A folia que embala Nalbandian


O post de hoje é dedicado ao jogo que tinha tudo para ser a final e, ainda bem, que não foi. David Nalbandian e Gilles Simon prometiam fazer um jogo duro, com muitas trocas de bola e belas jogadas. Na verdade, isso é o que se esperava dos dois. Mas não foi bem assim. Com o quadril debilitado, o francês perdeu potência e a partida não foi mais do que um 6/3 6/2 pouco emocionante.

Mas seria um absurdo colocar toda a culpa do resultado no quadril de Simon.
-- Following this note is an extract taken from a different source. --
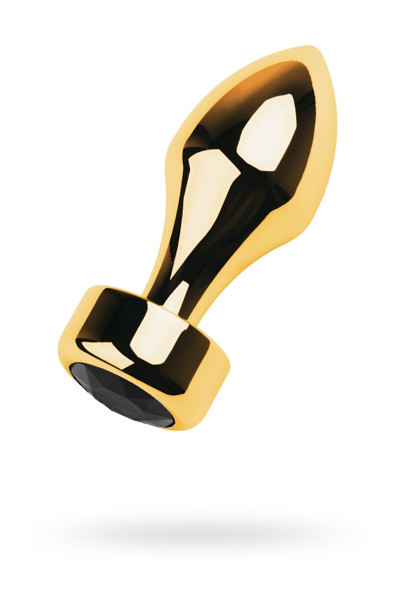 Золотистый каплевидный анальный плаг с чёрным кристаллом.

A verdade é que Nalbandian veio ao Brasil com tudo! Em uma entrevista para o canal SporTV2, o DJ do torneio (sim, todo torneio tem um DJ) comentou a escolha musical de cada tenista para entrar na quadra. E advinha qual é o hit do argentino.. “ai se eu te pego”. E é embalado pela música de Michel Teló, que ele vai “pegando” todo mundo e acabando com o jogo de quem passar pela frente. Ontem foi desse jeito.  A superioridade dele foi estrondosa, assim como o foco, o olho na bola.  

Nalbandian chegou a São Paulo e foi para a quadra da escola de samba Tom Maior, brincou sobre o trânsito da cidade e foi criticado pela folia. Mas analisando um pouquinho, acho que isso mostra que o tenista está em sintonia com o país do campeonato no qual está participando. Não houve exageros e o argentino vem conquistando não só vitórias, mas também a simpatia e o apoio da torcida brasileira.

A partida de hoje é contra o italiano Filippo Volandri, que é 69º do mundo. O ranking é melhor do que o do argentino, mas ninguém duvida do favoritismo de Nalbandian.  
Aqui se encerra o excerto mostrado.